Я закончил свое обучение в горах Страны Басков и вернулся домой. Но вернулся не один. Кроме нас с Педро, с нами приехала еще одна девушка: волосы ее были черны, как ночь, а глаза – голубые, как вода горных ручьев. Чудесное создание природы, Росита, внучка моего учителя Т. Он отправил ее со мной – с внешней целью повидать Кастилию и Каталонию, познать мир испанской знати, столь далекий от замкнутого мира Бискайи. Но истинным же предназначением Роситы было стать одной из Посвященных. Ибо обладала она тайными силами, еще не разбуженными, но могущество их иногда приводило в трепет даже меня.
Вернувшись, я нашел родину свою ужасной. Казалось, что самые злые силы вырвались из ада и начали победное шествие по многострадальной моей земле. Только происхождение эта сила имела не дьявольское, а человеческое. Алчность и невежество, жестокость и властолюбие сплелись в том, имя чему было – Святая Инквизиция. Многие люди, которых я считал друзьями, пострадали уже от этой черной чумы, и никто не мог считать себя в безопасности. За мною немедленно начали охоту domini canes, и только связи мои и богатство мое помогли избежать мне жалкой участи – быть объявленным еретиком, лишиться всего имущества своего и быть сосланным в монастырь или на галеры.
В это же время мы часто встречались с Фернандо де ла Крусом. В одну из ночей, когда бодрствовали мы с ним, и я пытался научить его некоторым премудростям астрологии, мы вдруг исчислили по звездам, что в некоторый летний день подвергнется наш Clavus великой опасности, и, вероятно, будет даже убит. Таким образом, все предприятие изгнания Дьявола в конце двадцатого века становилось весьма сомнительным.
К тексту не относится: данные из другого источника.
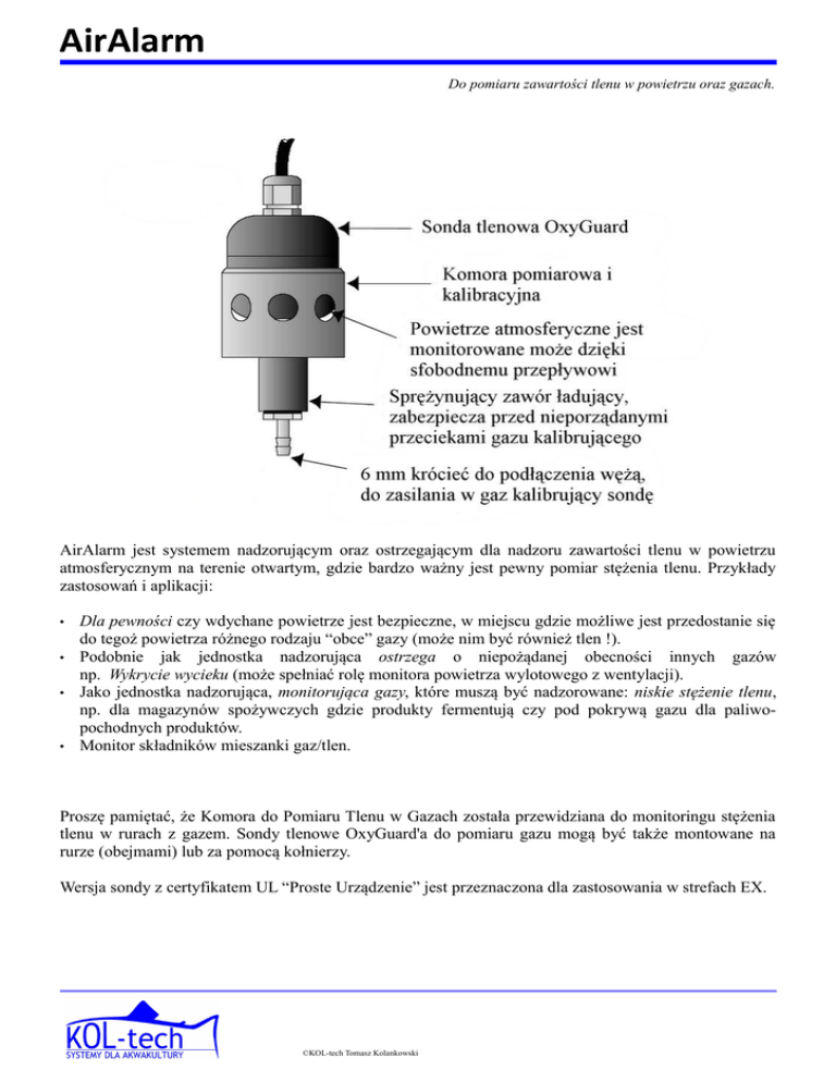AirAlarm Do pomiaru zawartości tlenu w powietrzu oraz gazach. AirAlarm jest systemem nadzorującym oraz ostrzegającym dla nadzoru zawartości tlenu w powietrzu atmosferycznym na terenie otwartym, gdzie bardzo ważny jest pewny pomiar stężenia tlenu. Przykłady zastosowań i aplikacji: • • • • Dla pewności czy wdychane powietrze jest bezpieczne, w miejscu gdzie możliwe jest przedostanie się do tegoż powietrza różnego rodzaju “obce” gazy (może nim być również tlen !). Podobnie jak jednostka nadzorująca ostrzega o niepożądanej obecności innych gazów np. Wykrycie wycieku (może spełniać rolę monitora powietrza wylotowego z wentylacji). Jako jednostka nadzorująca, monitorująca gazy, które muszą być nadzorowane: niskie stężenie tlenu, np. dla magazynów spożywczych gdzie produkty fermentują czy pod pokrywą gazu dla paliwopochodnych produktów. Monitor składników mieszanki gaz/tlen. Proszę pamiętać, że Komora do Pomiaru Tlenu w Gazach została przewidziana do monitoringu stężenia tlenu w rurach z gazem. Sondy tlenowe OxyGuard'a do pomiaru gazu mogą być także montowane na rurze (obejmami) lub za pomocą kołnierzy. Wersja sondy z certyfikatem UL “Proste Urządzenie” jest przeznaczona dla zastosowania w strefach EX. . ©KOL-tech Tomasz Kolankowski Dane techniczne Walory techniczne: AirAlarm składa się z sondy do pomiaru tlenu w specjalnej komorze pomiarowo – kalibracyjnej, jak to pokazano na rysunku na poprzedniej stronie. AirAlarm jest łatwy w użyciu oraz bardzo dokładny. Podłączenie kalibracyjne do gazu – w celu kalibracji lub sprawdzenia systemu wystarczy odkręcić przepływ gazu kalibracyjnego. Sprężynujący zawór ładujący zabezpiecza przed nie pożądanymi wyciekami gazu kalibracyjnego z rur po zakończeniu kalibracji. Kalibracja i/lub sprawdzenie czy wszystko działa poprawnie zajmuje zaledwie kilka minut ! Sondy OxyGuard'a mogą poprawnie mierzyć poziom tlenu w powietrzu, o bardzo dużej zawartości tlenu, bardzo długo, bez potrzeby konserwacji. Niezrównana powtarzalność czyni system wyjątkowo użytecznym i niezastąpionym w zastosowaniu do nadzoru (kontroli) oraz detekcji (bezpieczeństwa). Błędy sondy: takie jak np. Zanikanie sygnału wyjściowego, a tym samym częstsze wyzwalanie alarmu spowodowane jest brakiem konserwacji. AirAlarm może być także zamontowany na sondach Modeli: 420 oraz 840. Obie mają 2-przewodowe przetworniki 4 – 20 mA, jednostki zasilane są z własnego obwodu pomiarowego (4 – 20 mA). Specyfikacja: Wymiary: Średnica 65 mm, wysokość 160 mm (ze standardową sondą). Podłączenie gazu kalibracyjnego: 6 mm podłączenie węża z gazem kalibracyjnym. Materiał: PCV. (inne na życzenie klienta). Informacje do zamówienia: E011: AirAlarm – komora pomiarowa i kalibracyjna. Sonda oraz przetwornik muszą być zamawiane osobno!. Proszę zapoznać się z kartami katalogowymi sondy Standardowej, Modelu 420, Modelu 840, w celu uzyskania szczegółów dotyczących sond oraz przetworników lub jednostek monitorująco – alarmujących. KOL-tech Tomasz Kolankowski ul. Wenus 18, 80-299 Gdańsk strona: www.tlenomierz.pl Tel: +48 607 24 81 84 fax: +4858 555 00 58 e-mail: [email protected]

Все это, безусловно, было проделками самого Дьявола, который подготавливал освобождение свое из темницы преисподней и стремился, таким образом, заранее избавиться от своих грядущих противников.
"Мы не можем допустить этого! – вскричал дон Фернандо. – Мы должны сделать все, чтобы не допустить гибели этого человека. И я знаю, что это в ваших силах, дон Рибас!"
И я срочно начал приготовления, чтобы в момент наибольшей опасности перенести этого человека в наше время и попытаться, по возможности, помочь ему…"
Профессор Ван замолчал. Положил листок, который читал, на колени. Снова достал из кармана тряпочку и начал протирать очки.
Гнетущая тишина повисла в воздухе.
– И что же дальше? – хриплым голосом осведомился я.
– Дальше – ничего, – сказал Демид. – На этом записи обрываются.
6
– Я знаю, что было дальше, – сказал я. – Потому что я присутствовал при событиях, которые происходили дальше. Надеюсь, вы догадываетесь, что Clavus – это я?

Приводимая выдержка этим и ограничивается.